Last month, the New York Times said the retailer’s majority-owned Wal-Mart de Mexico unit ran a widespread bribery campaign in that country to win market dominance, and that senior Wal-Mart executives tried to cover it up.
“If you read the New York Times story, and there’s always another side to it, it looks like they may well have made a mistake in how that was handled,” Buffett said.
He nonetheless said he did not believe the matter “changes the fundamental dynamic” about Wal-Mart or its earnings power.
Among the internal candidates seen as possible future Berkshire chief executives are Ajit Jain, Buffett’s top insurance lieutenant; Matthew Rose, who leads Burlington Northern; and Greg Abel, who runs the MidAmerican Energy unit.
Tony Nicely, who runs the Geico auto insurance unit, has long been seen as a candidate, but is now in his late 60s.
“I virtually know that the successor we have in mind ... has the culture and the people embedded as I do,” Buffett said.
Buffett has also hired two portfolio managers, Todd Combs and Ted Weschler, to handle some of Berkshire’s investments.
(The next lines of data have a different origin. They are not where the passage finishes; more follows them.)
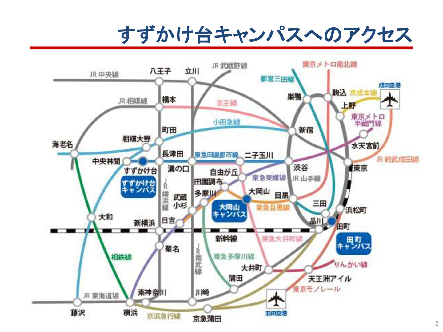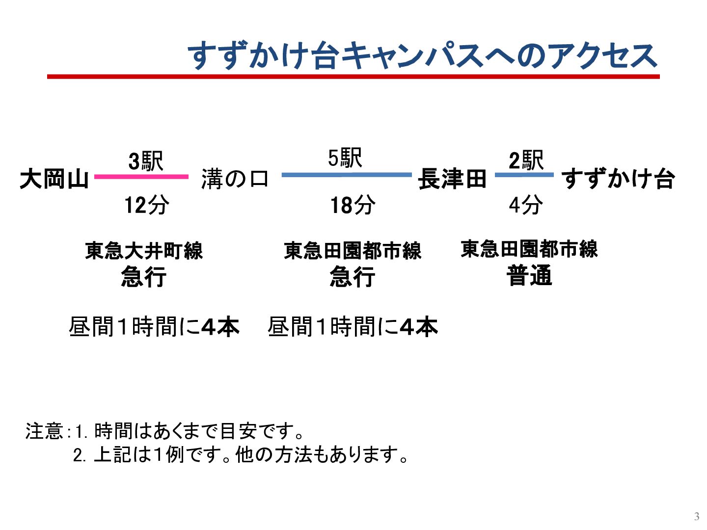 1. すずかけ台キャンパスへのアクセス 注意:1. 時間はあくまで目安です。 2. 上記は1例です。他の方法もあります。 大岡山 18分 すずかけ台 長津田 2駅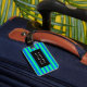 Sehr einfaches und modernes Design. Dieses Gepäckanhänger ist perfekt für jemanden, dem Lieben entzogen wurden. Die blauen und grünen Streifen können in beliebiger Farbe bearbeitet werden.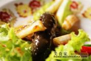 锅里放蚝油,海参下锅入味,加入煎好的大葱,加一点水淀粉,成功。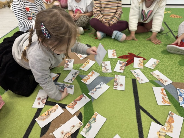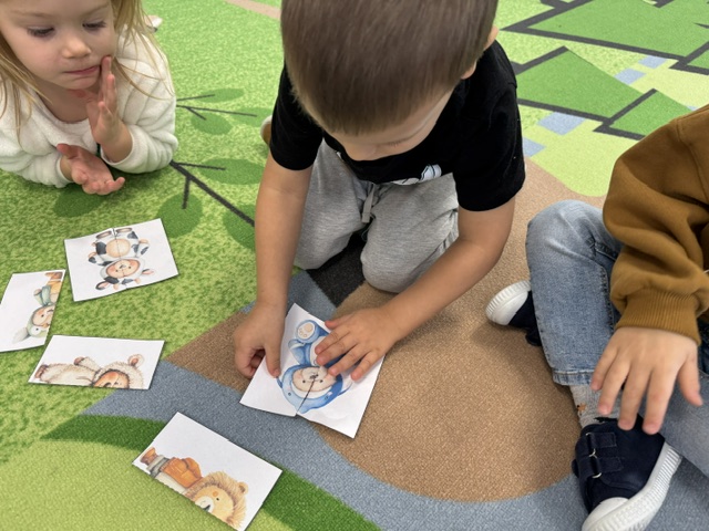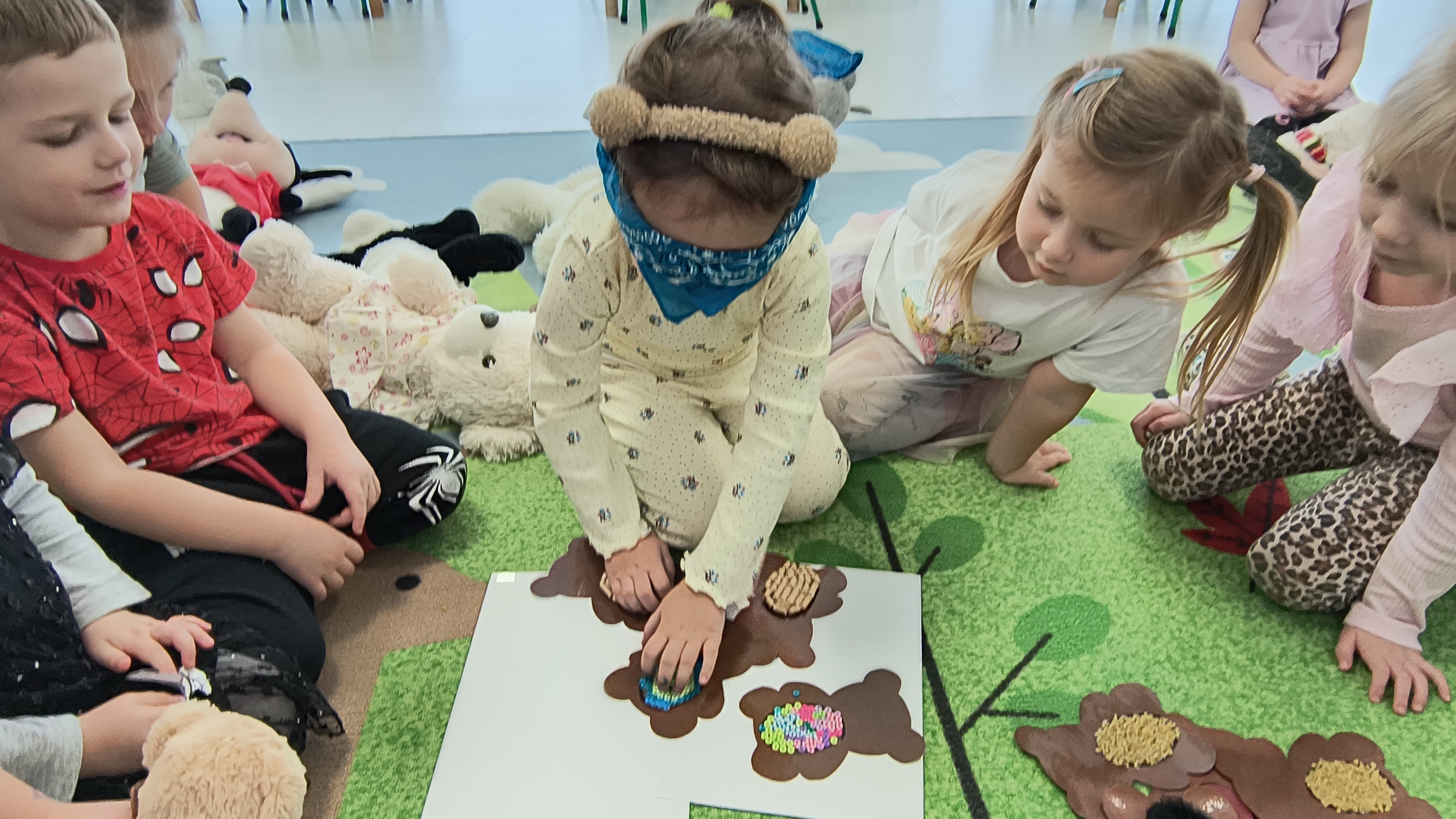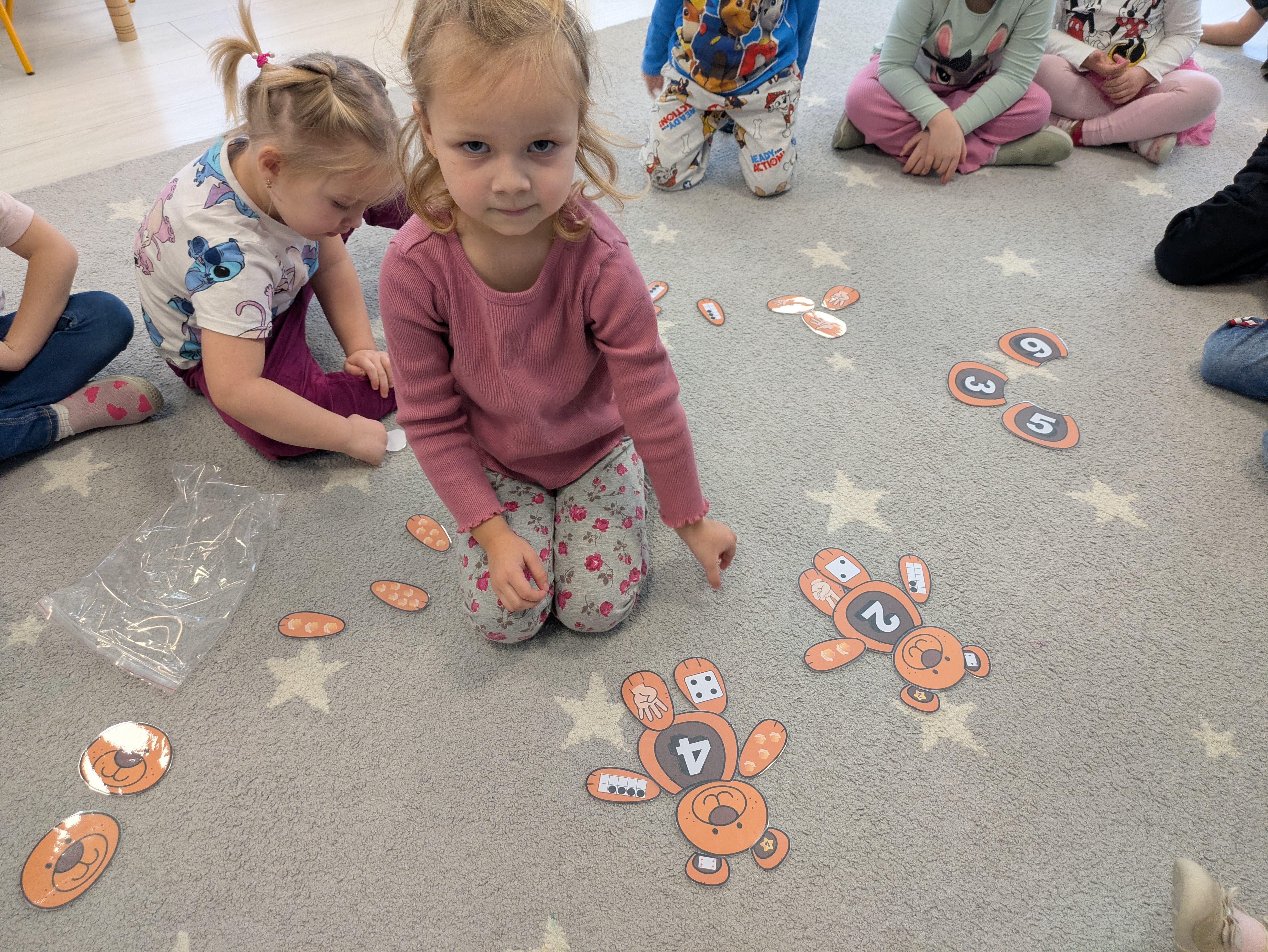 Wspólnie bawiliśmy się w gry dotykowe i ruchowe, które sprawiły dzieciom wiele radości i pozwoliły im rozwijać zmysły oraz koordynację. Na dywanie odbyło się również kodowanie z misiami, podczas którego dzieci uczyły się logicznego myślenia i współpracy, układając proste sekwencje i trasy.

He said each was recently given another $1 billion to invest, boosting their portfolios to $2.75 billion each.
The meeting took place one day after Berkshire said first-quarter profit more than doubled, as its insurance business was spared the huge losses that natural disasters in Australia, Japan and New Zealand caused a year earlier.
Buffett even said that Berkshire is writing “a lot more” reinsurance in those countries, as well as in Thailand.
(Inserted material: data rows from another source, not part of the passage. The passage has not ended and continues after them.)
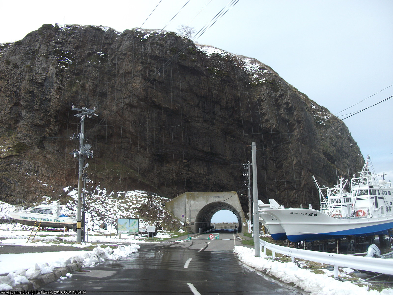 Utoro, dieser Tunnel im Felsen führt zum Hafen für Ausflugsboote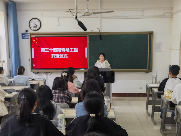 为深入学习习近平新时代中国特色社会主义思想,贯彻落实青年马克思主义者培养工程,着力为党培养优秀青年马克思主义者,4月11日下午,9728太阳集团于东校区1号办公楼307举行第三十四期“青马工程”大学生基础培训班开班仪式,李晓雅主持仪式,各班青马工程学员参加。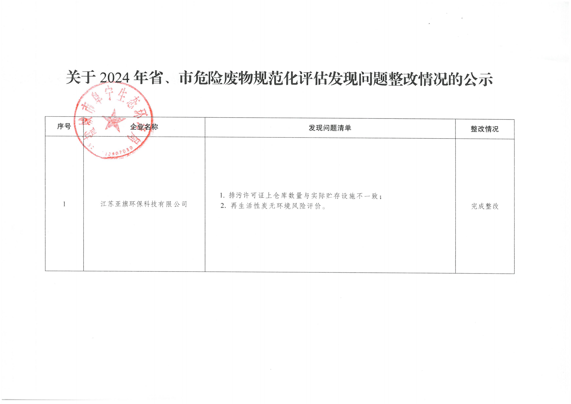 关于2024年省、市危险废物规范化评估发现问题整改情况的公示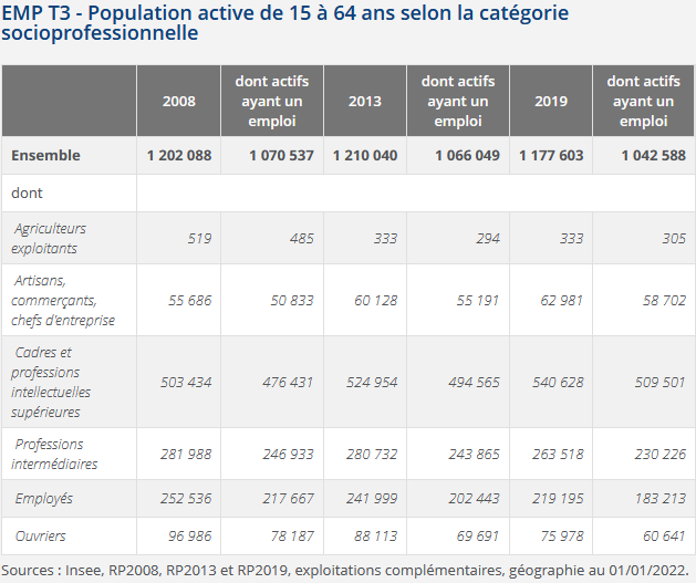 Maintenant, affichons les deux dernières colonnes (‘2019’ et ‘dont actifs ayant un emploi’) de ce tableau tiré du site de l’Insee, en mettant la ligne “Ensemble” plutôt en fin de tableau (ces 2 usages sont possibles, question de préférence…). Attention encore une fois au champ de ce tableau… Pour cela, on va :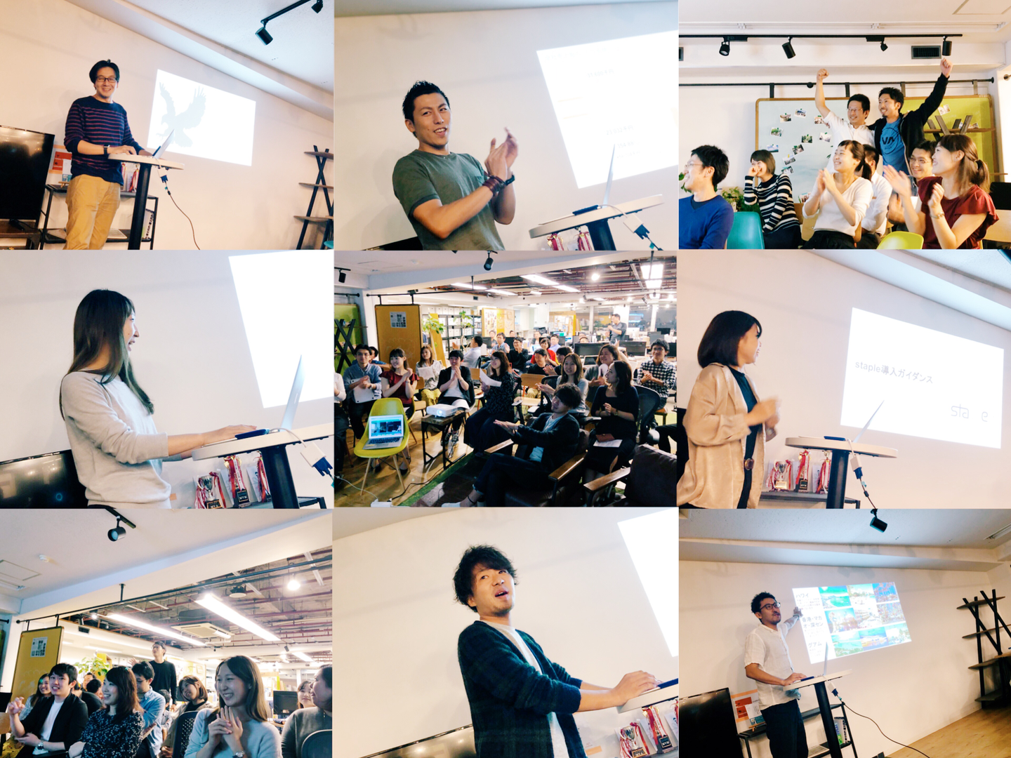 この日は、4月に入社した企画営業部・営業推進担当の工藤から「営業推進のお仕事やメンバーを知ってもらいたい!」というナイスアクションがあったり、19卒インターンの伊澤からは新しく導入を検討している社内ツールについて堂々とした発表があったり、上半期目標達成により決定したヒトカラトラベル(社員旅行)の行き先についてGoogleフォームを使ってリアルタイム投票が行われたり、新しいオフィスのレイアウト発表があったり、盛りだくさんでした!

He was also upbeat about Berkshire’s prospects, despite slow U.S. economic growth and the inability of the United States and other countries to get their fiscal houses in order.
“I would stay away from medium- or long-term government bonds, our own or those of other countries,” he said.
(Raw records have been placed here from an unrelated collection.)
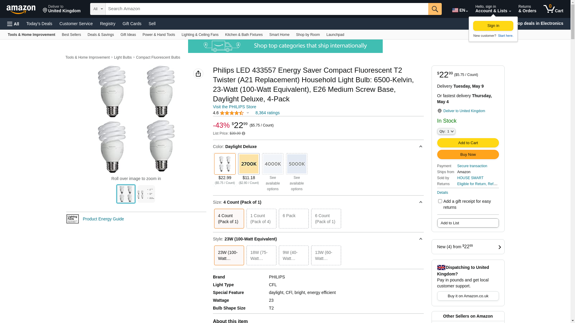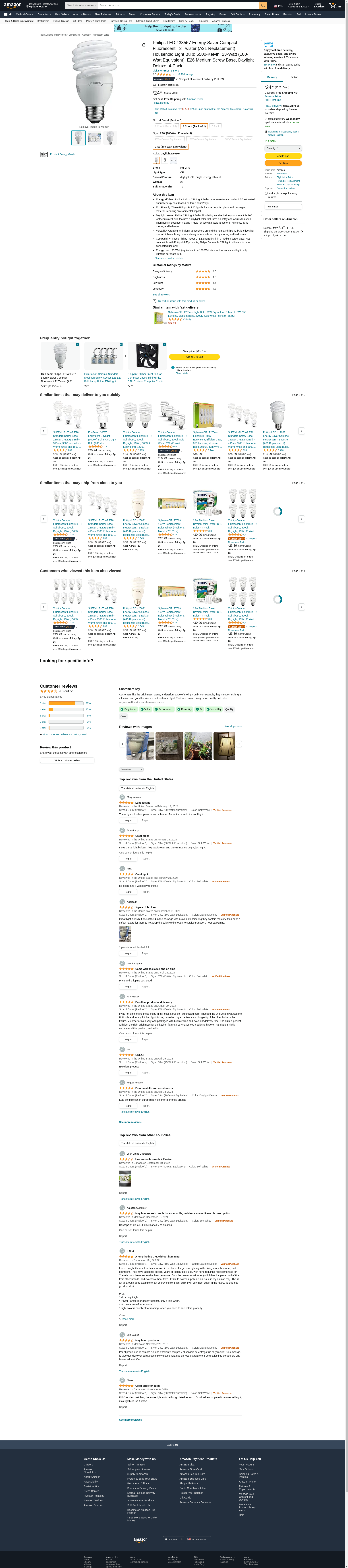 Philips LED 433557 Energy Saver Compact Fluorescent T2 Twister (A21 Replacement) Household Light Bulb: 6500-Kelvin, 23-Watt (100-Watt Equivalent), E26 Medium Screw Base, Daylight Deluxe, 4-Pack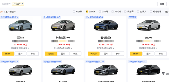 再一个,市面上的中大型轿车,哪怕价格从低到高去排序,现在比它起售价便宜的,也就是东风星海S7和长安启源A07,而这两台车的车长,无一例外的都没有突破5米,卡在4米9出头的范围,而星耀8的车长5018毫米、轴距2928毫米。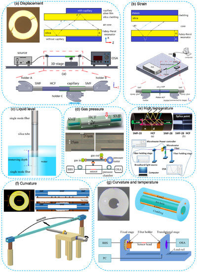 Figure 4a shows that the inner capillary is coated with silver, and then wraps the HCF [51]. This most common HCF agrees with the theory of Section 2.1, so it will form an FP cavity in the cladding. The leaky mode of the HCF actually features the resonant wavelengths in the transmission spectrum. The initial leaky mode will be reflected back into cladding with the capillary location movement because the covered part is transformed to the silica–silver interface. Thus, the intensity of the resonant wavelength is sensitive to the displacement, and it finally obtains a high sensitivity of 0.578 dB/μm. Likewise, as shown in Figure 4b, HCF is inserted into the polymethyl methacrylate (PMMA) hollow-core fiber [52]. This is a double-layer AR structure since the refractive index of PMMA is between air and silica. The distinct difference between the single- and double-layer AR structure is the free spectrum range (FSR), and the latter is larger than the former owing to the longer optical path. The tensile strain will reduce the thickness of the PMMA resulted in the optical path change, then the resonant wavelength will shift. Using this double-layer AR structure, it achieves the strain sensitivity of 27.9 pm/με. As shown in Figure 4c, the HCF is used for liquid level monitoring [53], and the sensing mechanism is similar to that in Figure 4a. The leaky mode intensity is influenced by the change of the surrounding refractive index. More specifically, the contrast of resonant wavelength will increase or decrease with the liquid level rising or falling. On the basis of this simple HCF structure, a liquid-level sensitivity of 0.4 dB/mm has been realized. Furthermore, the temperature cross-sensitivity is only 0.004 mm/°C, which can be regarded as insensitive. It is apparent that all the sensing mechanisms from Figure 4a to Figure 4c are based on the external refractive index change. On the contrary, Figure 4d devotes to the inner refractive index variation to induce the wavelength shift [54]. As displayed in Equation (2), the resonant wavelength not only depends on the silica thickness and refractive index, but also the air core refractive index. It exploits femtosecond laser drilling on the ring cladding to form a microchannel, which keeps the air-core pressure equivalent to the external environment. The manufactured part is placed into the airtight container, then the increasing pressure will induce the air core refractive index change. The gas pressure sensitivity reaches 3.592 nm/MPa by the wavelength demodulation in the range of 0 to 2 MPa. It can be seen from Figure 4a to Figure 4d, that they only cause a single parameter change in the whole sensing process, and all of these structures transfer to the refractive index variation. While temperature is treated as a sensing variable, which can simultaneously induce parameter changes in multiple structures in the AR-HCFs. As shown in Figure 4e, HCF is applied to high-temperature measurement attributed to the AR effect [55]. It is difficult to use common multimode interference for high-temperature sensing because the employed high order cladding modes have a nonlinearity variation with the temperature increasing. For the HCF, the AR effect is only dependent on the geometric size and material refractive index. Thereby, AR-HCFs have a linear relationship with temperature in a large dynamic range. Figure 4e shows a high-temperature sensitivity of 33.4 pm/°C with the working range from room temperature to 1000 °C. The sensitivities of all the aforementioned structures are determined by their own material properties. Figure 4f enhances the curvature sensitivity assisted by coating the sensitive material [56]. After the polydimethylsiloxane (PDMS) coated on the HCF, the mode confinement is reduced and bending losses are significantly higher. By the external structure modifications, it acquires the curvature sensitivity of −5.26 dB/m−1, which is several times higher than without PDMS coated. In addition, the structure modifications can be also conducted by the special design of HCF. Figure 4g illustrates a novel fiber with a single-hole twin eccentric core, which simultaneously has AR effect and inline Mach-Zehnder interference (IMMI) functions [57]. In this case, the dual or multiple parameters can be measured simultaneously based on different mechanisms and without crosstalk. A curvature sensitivity of −1.54 dB/m−1 and the temperature sensitivity of 70.71 pm/°C is realized based on the AR effect and IMMI, respectively. The listed seven examples reveal that the most common HCF mainly rely on the AR effect for sensing at present.

Buffett also said that despite his huge investment in International Business Machines Corp, which topped $11.7 billion at year end, he would not plunge into other technology giants such as Apple Inc and Google Inc.
“The chances of being way wrong in IBM are probably less, at least for us,” than in Google or Apple, Buffett said.
Though Berkshire shares have lagged broader stock and insurance stock indexes in recent months, shareholder enthusiasm at the meeting does not appear to have flagged. “(The) stock is a home run over the next five years,” said Bill Smead, chief investment officer of Smead Capital Management in Seattle.
Berkshire did not repurchase shares in the first quarter, and Buffett said he would be comfortable repurchasing stock at a price of 1.1 times book value, and perhaps higher.
Buffett also said Berkshire may buy more newspapers. It owns the Buffalo News, just bought the hometown Omaha World-Herald, and is a longtime shareholder of Washington Post Co.
As in recent years, Buffett and Munger fielded questions from shareholders and three journalists.
For the first time, they also took questions from three insurance industry analysts - Barclays Capital’s Jay Gelb, KBW’s Cliff Gallant, and Dowling & Partners’ Gary Ransom - who each have the equivalent of a “buy” rating on Berkshire.
While some hoped the analysts would add depth to the meeting, some of their questions concerned relatively arcane matters such as mortality rates in insurance, or whether Geico would use electronics to track driver behavior. Gelb did ask the question that prompted Buffett’s comment about a mega-takeover.
Prior to the questioning, shareholders were regaled with the annual comedy-infused movie made by Buffett’s daughter Susie.
In one sketch, Buffett sang and played the ukulele with the cast of the TV show “Glee.”
Another featured Buffett’s secretary Debbie Bosanek, whose effective tax rate is higher than her boss’s and helped inspire the Obama administration’s proposed “Buffett rule” to raise taxes on the wealthy that recently failed in Congress.
Bosanek was shown with her feet up on her desk, discussing magazine covers. A helpful Buffett fielded phone calls for her.
Buffett told Reuters Insider he expects some version of the “Buffett rule” would be passed in a second Obama administration.